Two questions demand our attention here at the midpoint of the summer: Can the shark hunters, who arrived on Wednesday, mobilize in time to save us from the next sharknado, which is forecast for Friday? And what is it with all the fish on television all of a sudden?
The CBS miniseries “Under the Dome” has been pretty successful this summer, but nothing has created the buzz that a much-lower-rent science-fiction offering, “Sharknado,” did when it was broadcast on July 11 on the Syfy channel. “Sharknado” is a ridiculous movie about a freak weather event that sucks sharks from the ocean and drops them onto Los Angeles, and when it hit, people went nuts.

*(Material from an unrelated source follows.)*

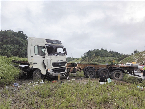 7月30日因雨天路滑,一辆半挂货车车速太快,转弯时打滑失控,在撞上中央护栏后冲出高速公路 通讯员 潘洪江 摄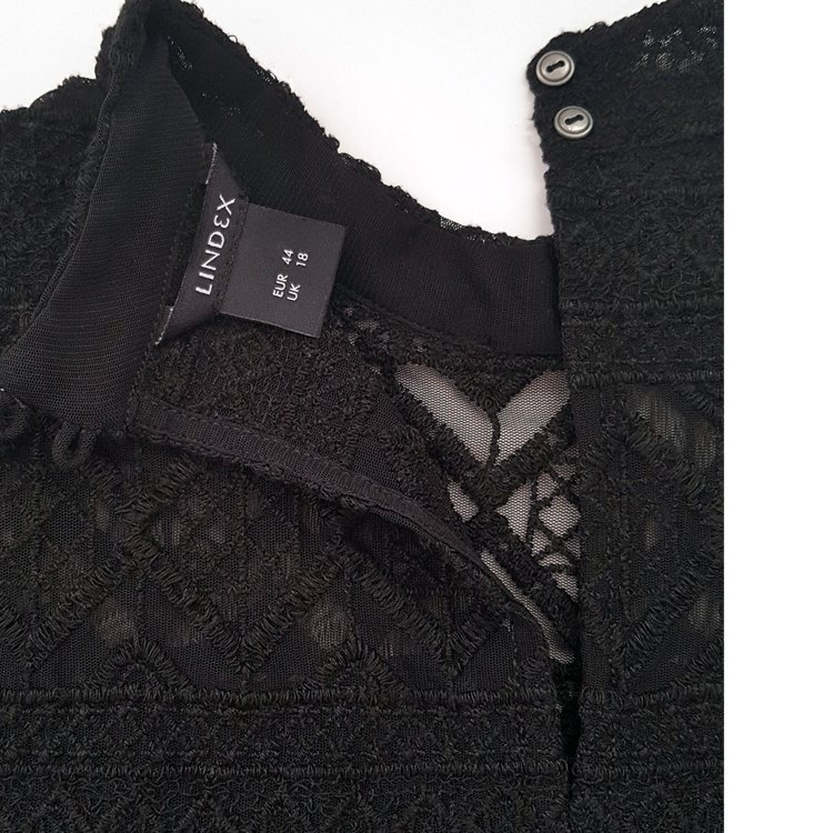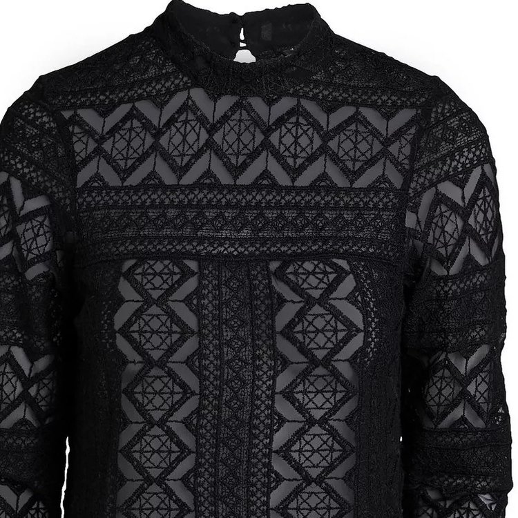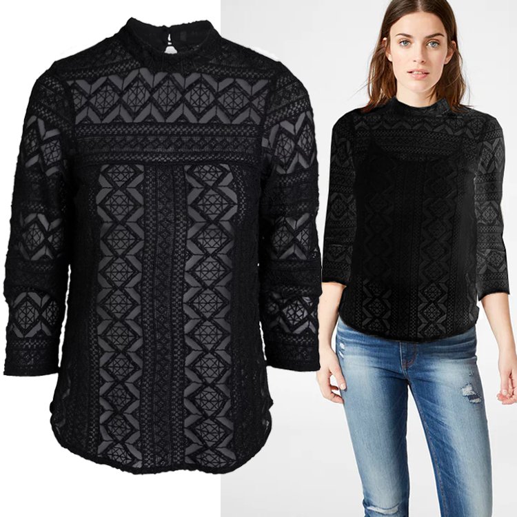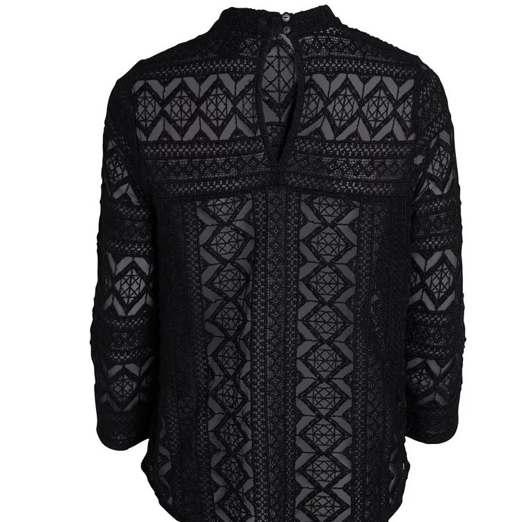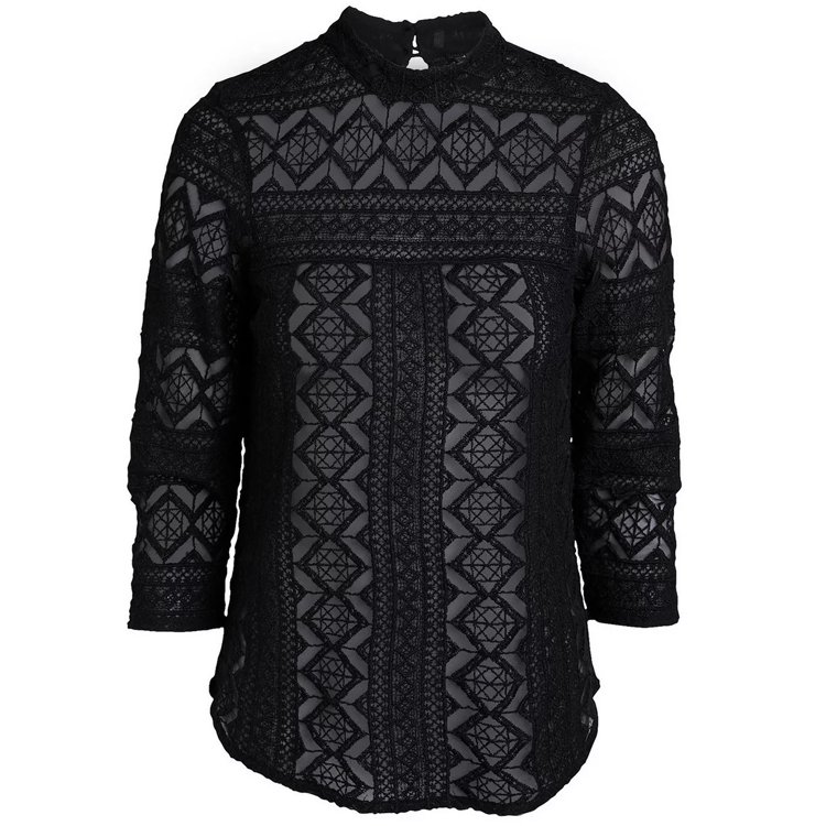 Stylowa bluzka z wysokogatunkowej koronki w geometryczne wzory, prosty krój, dekolt wykończony niską stójką, z tyłu zapinaną na metalowe guziki, dół półokrągły, rękawy 3/4. Można nosić z halką pod spodem, chociaż nie jest to niezbędne, wystarczy czarny biustonosz, koronka jest wystarczająco gęsta.

Celebrities made Twitter wisecracks about it. Disaster-relief organizations used it as a promotional opportunity. Though not that many people actually watched the initial broadcast (about 1.37 million, according to Nielsen), the “Sharknado” storm was so powerful that it reversed the natural order of the Hollywood universe. Normally, a film is released in theaters and turns up later on TV. On Friday night (actually, 12:05 a.m. on Saturday) “Sharknado,” a made-for-TV movie, is receiving a one-night-only screening in more than 200 theaters. Already saw it on TV?

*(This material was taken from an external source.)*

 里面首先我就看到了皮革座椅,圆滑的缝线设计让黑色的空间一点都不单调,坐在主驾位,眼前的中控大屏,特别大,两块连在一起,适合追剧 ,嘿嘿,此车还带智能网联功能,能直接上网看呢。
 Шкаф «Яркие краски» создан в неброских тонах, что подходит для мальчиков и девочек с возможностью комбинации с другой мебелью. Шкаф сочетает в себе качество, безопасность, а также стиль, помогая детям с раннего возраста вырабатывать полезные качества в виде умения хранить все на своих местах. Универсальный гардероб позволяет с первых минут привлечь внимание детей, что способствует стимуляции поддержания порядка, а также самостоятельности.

“Cinema audiences will be treated to never-before-seen footage, including a behind-the-scenes featurette and a gag reel,” a news release announcing the screenings says.
Lest you think Syfy is just making this stuff up, the esteemed Weather Channel has a new show in August called “Strangest Weather on Earth.” Among the phenomena a news release for the show promises will be explored: “airborne fish.” Also, “raining frogs.” So there.

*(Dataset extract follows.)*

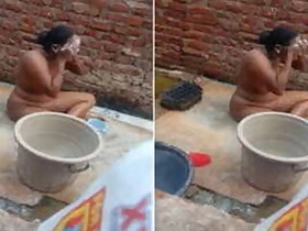 Desi woman caught bathing outdoors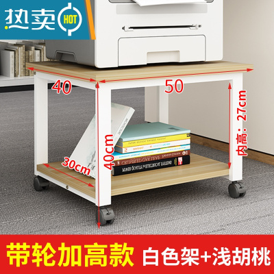 敬平实木打印机置物架桌面收纳架子办公室桌下底座落地移动置物架带轮

Can it be mere coincidence that the NBC Sports Network – part of the same corporate family as Syfy – has announced a six-part series beginning on Wednesday night called “Shark Hunters”? The show follows five captains as they compete in tournaments. All three contests are on the East Coast, while the sharknado danger is, as Syfy has documented, clearly highest on the West Coast. But the middle of the country is safe, right? Maybe not.
More sharks turn up on Sunday when the Discovery Channel begins its annual “Shark Week,” and Nat Geo Wild starts its weeklong “Sharkfest.” If you thought the shark infestation was just a saltwater problem, think again. “Sharkfest” includes an episode of “Monster Fish” on Aug. 9 called “River Shark!” Note the exclamation point.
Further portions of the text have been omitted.